Saved entries:
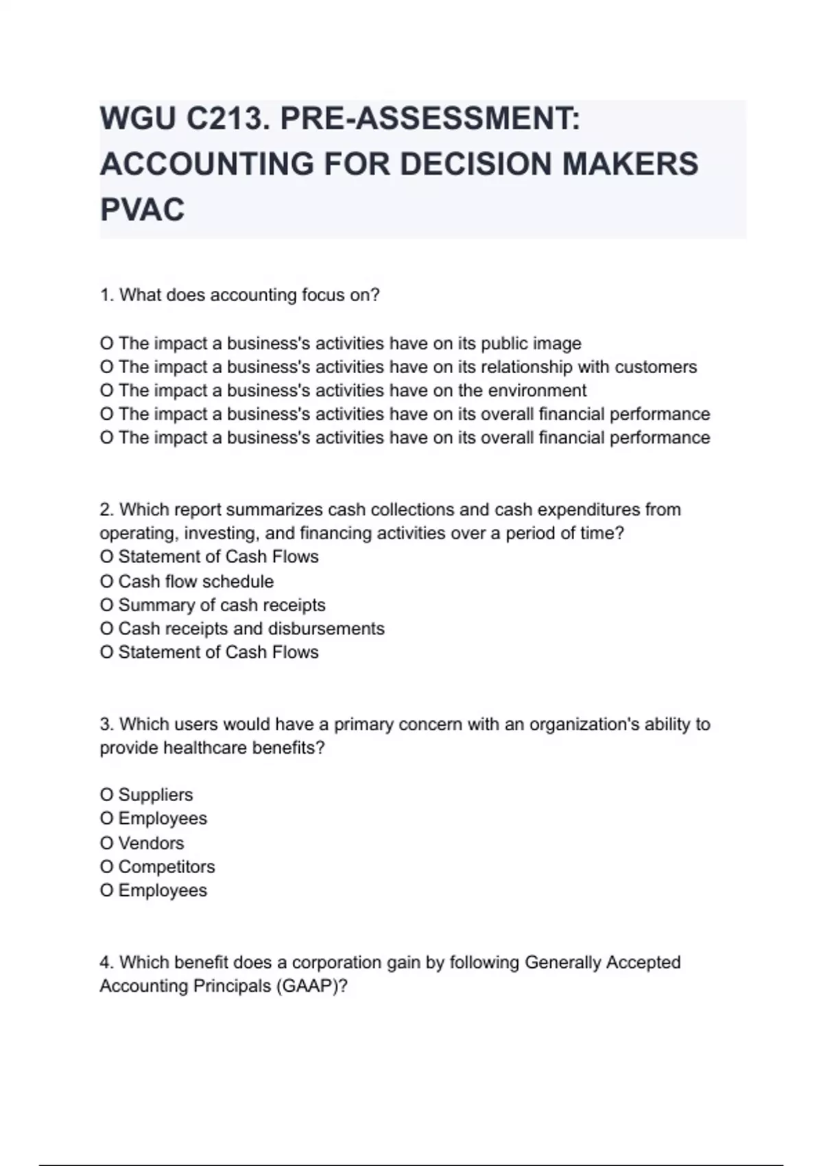 wgu c213 pre assessment accounting for decision
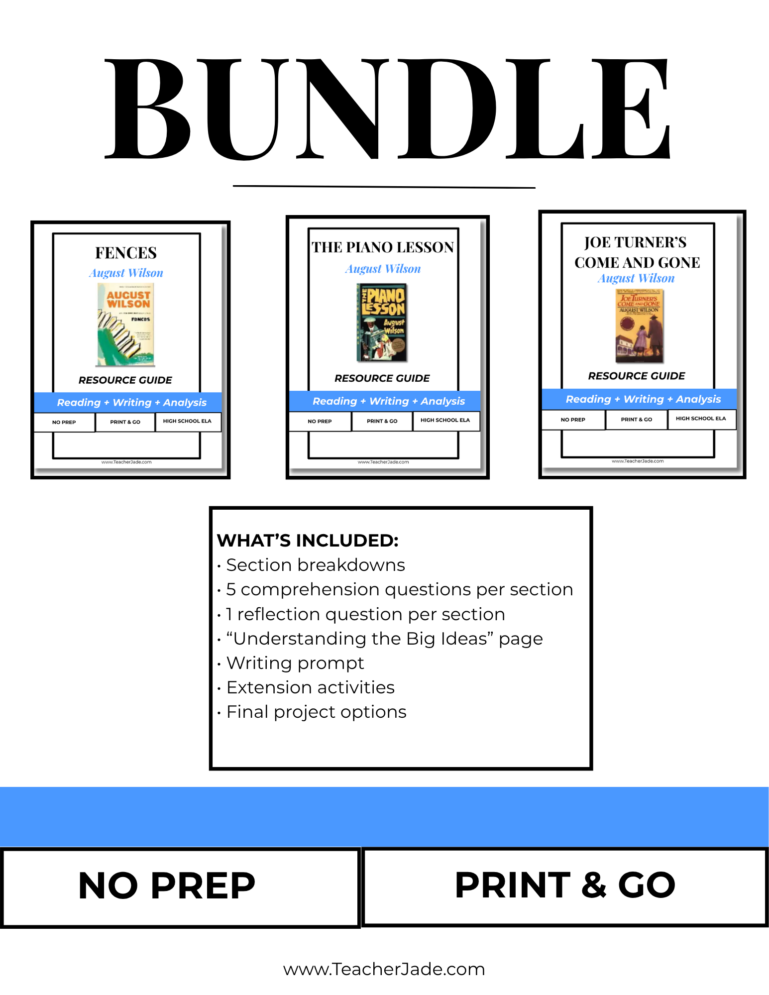 August Wilson Plays Bundle | Fences, The Piano Lesson, Joe Turner’s Come and Gone | Reading + Analysis + Writing
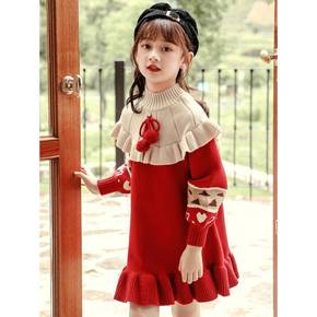 女童加绒连衣裙洋气童装儿童女宝宝圣诞节衣服红色毛衣...
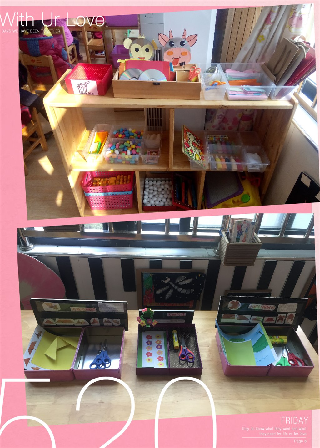 美工区的材料较为繁复,如果老师不能有意的设计摆放方法和位置,就会让幼儿无从下手,或是不利于幼儿养成良好的行为习惯,特别是对小班幼儿来说更是如此。因此,美工区材料的放置要井井有条,相对稳定,这样便于幼儿拿取和归还原处。为了让美工区的东西一目了然,便于幼儿取放,老师使用有不同分隔的盒子或小塑料筐,比如,不同颜色的彩纸放在多格的盒子中,剪刀、浆糊棒、擦手用的小毛巾放在多格的工具盒里,各种各样的美工绘画纸可以按照它们的种类及难易程度分别用托盘装好。这样幼儿在使用和归还物品时就会感到轻松,也便于教师随时检查幼儿使用材料的情况,并及时补充以免出现材料不足的情况。
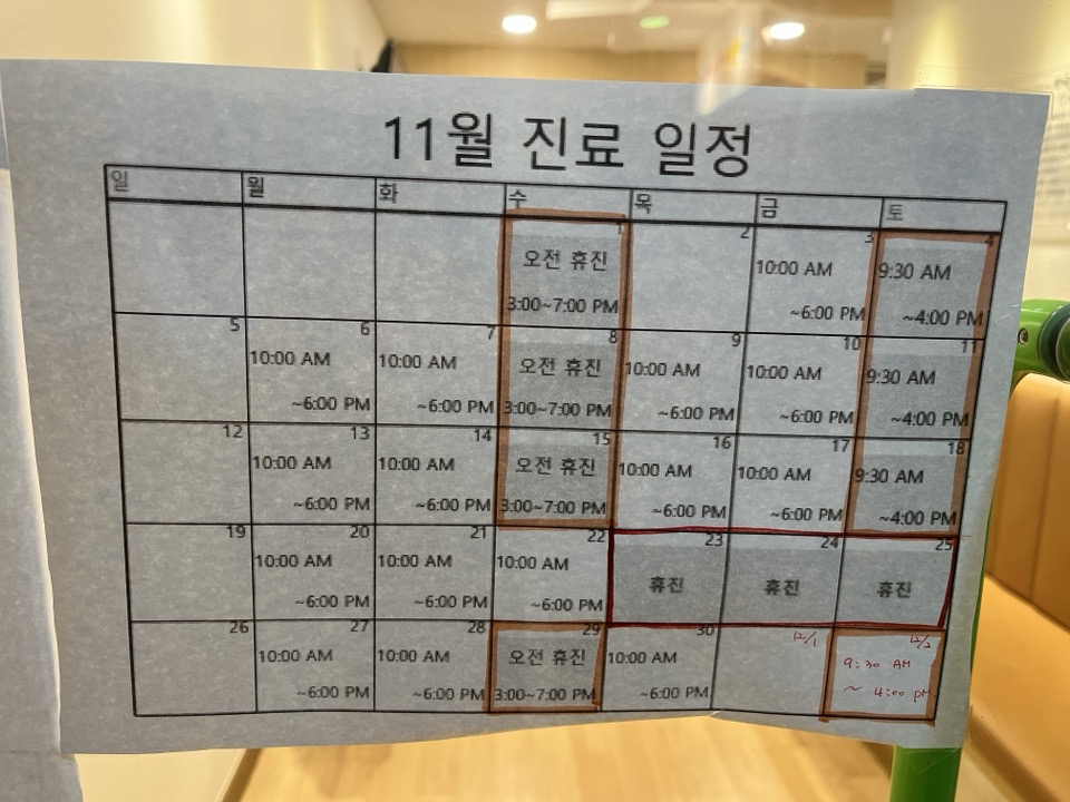 그리고 이번에 가 보니 11월 진료 일정표가 있더라고요.
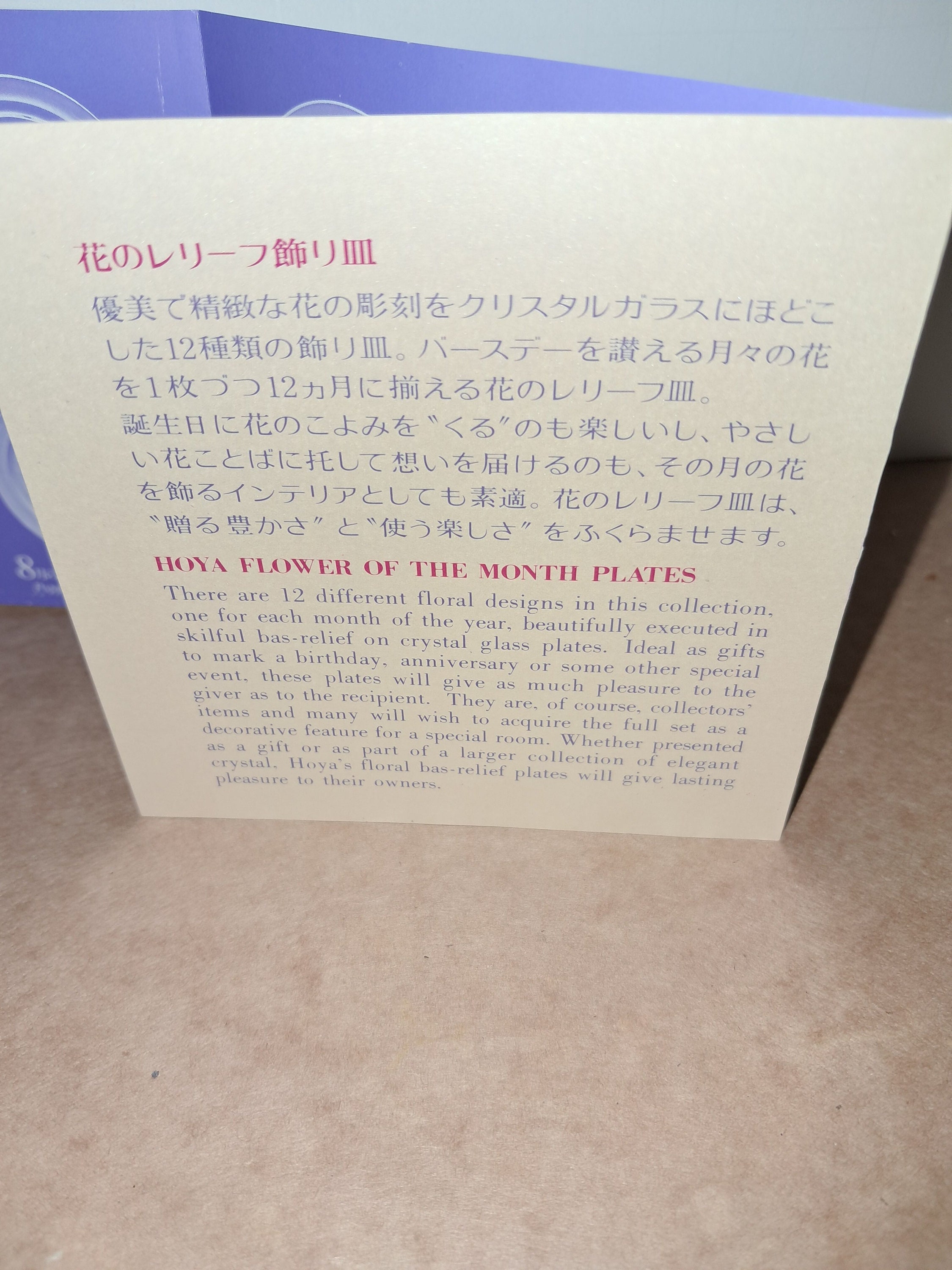 Hoya Crystal Flower of The Month Plate Yamamoto Japan 8.25” Plates
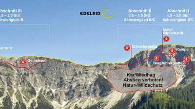 Route Der Klettersteig, Abschnitt I, folgt einer logischen Linie von Bändern und Steilstufen zum Gipfel Iseler. Im Mittelteil erwarten die Klettersteiggeher zwei Steilstufen, mit der sogenannten Schlüsselstelle „Bergführerplatte“. Der Abschnitt II führt, leicht absteigend, vom Iselergipfel zur Iselerscharte. Auf dem Panoramaweg nach Osten, folgt in ca. 10 Minuten Gehzeit der Einstieg zur Fortsetzung des Klettersteigs. Parallel zum Berggrat geht der Abschnitt III übers „Gemsband“, kurz durch ein Gehstück unterbrochen, durchs „Kanonenrohr“ und zum Ausstieg auf den Kühgundkopf.

■ What to do ■
Give the data again exactly, image-free.

■ Written reply ■
 wgu c213 pre assessment accounting for decision
 August Wilson Plays Bundle | Fences, The Piano Lesson, Joe Turner’s Come and Gone | Reading + Analysis + Writing
 女童加绒连衣裙洋气童装儿童女宝宝圣诞节衣服红色毛衣...
 美工区的材料较为繁复,如果老师不能有意的设计摆放方法和位置,就会让幼儿无从下手,或是不利于幼儿养成良好的行为习惯,特别是对小班幼儿来说更是如此。因此,美工区材料的放置要井井有条,相对稳定,这样便于幼儿拿取和归还原处。为了让美工区的东西一目了然,便于幼儿取放,老师使用有不同分隔的盒子或小塑料筐,比如,不同颜色的彩纸放在多格的盒子中,剪刀、浆糊棒、擦手用的小毛巾放在多格的工具盒里,各种各样的美工绘画纸可以按照它们的种类及难易程度分别用托盘装好。这样幼儿在使用和归还物品时就会感到轻松,也便于教师随时检查幼儿使用材料的情况,并及时补充以免出现材料不足的情况。
 그리고 이번에 가 보니 11월 진료 일정표가 있더라고요.
 Hoya Crystal Flower of The Month Plate Yamamoto Japan 8.25” Plates
 Route Der Klettersteig, Abschnitt I, folgt einer logischen Linie von Bändern und Steilstufen zum Gipfel Iseler. Im Mittelteil erwarten die Klettersteiggeher zwei Steilstufen, mit der sogenannten Schlüsselstelle „Bergführerplatte“. Der Abschnitt II führt, leicht absteigend, vom Iselergipfel zur Iselerscharte. Auf dem Panoramaweg nach Osten, folgt in ca. 10 Minuten Gehzeit der Einstieg zur Fortsetzung des Klettersteigs. Parallel zum Berggrat geht der Abschnitt III übers „Gemsband“, kurz durch ein Gehstück unterbrochen, durchs „Kanonenrohr“ und zum Ausstieg auf den Kühgundkopf.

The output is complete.